## Work request
The result should be the listing below restated word for word, with images left out.

## Stored data
Segment Open

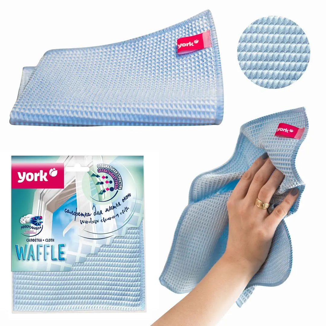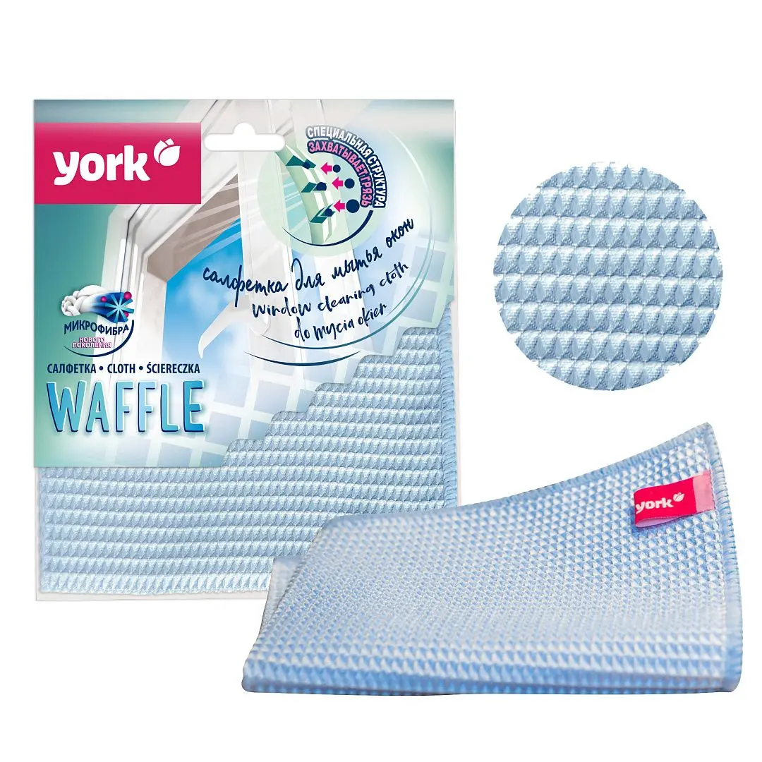 ХозСалфетки: для стекол YORK 35х35 микрофибра вафельная
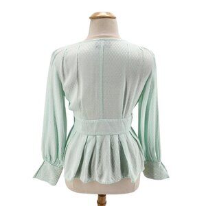 Description: Something Navy Jacquard Wrap Surplice Peplum Mint Green Blouse Top Women's Size 1X - Something Navy Size 1
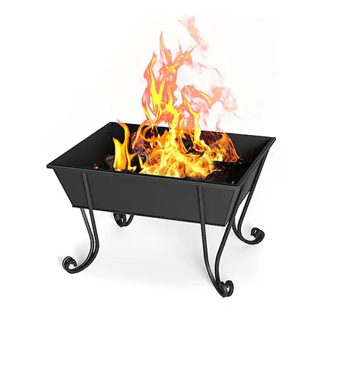 Чаша имеет прямоугольную форму и хорошо впишется в любой ландшафт как готовый элемент дизайна. С её помощью легко организовать костровую зону в удобном для вас месте: просто перенесите чашу и расставьте вокруг неё кресла или стулья.

Segment Closed

## Answer box
 ХозСалфетки: для стекол YORK 35х35 микрофибра вафельная
 Description: Something Navy Jacquard Wrap Surplice Peplum Mint Green Blouse Top Women's Size 1X - Something Navy Size 1
 Чаша имеет прямоугольную форму и хорошо впишется в любой ландшафт как готовый элемент дизайна. С её помощью легко организовать костровую зону в удобном для вас месте: просто перенесите чашу и расставьте вокруг неё кресла или стулья.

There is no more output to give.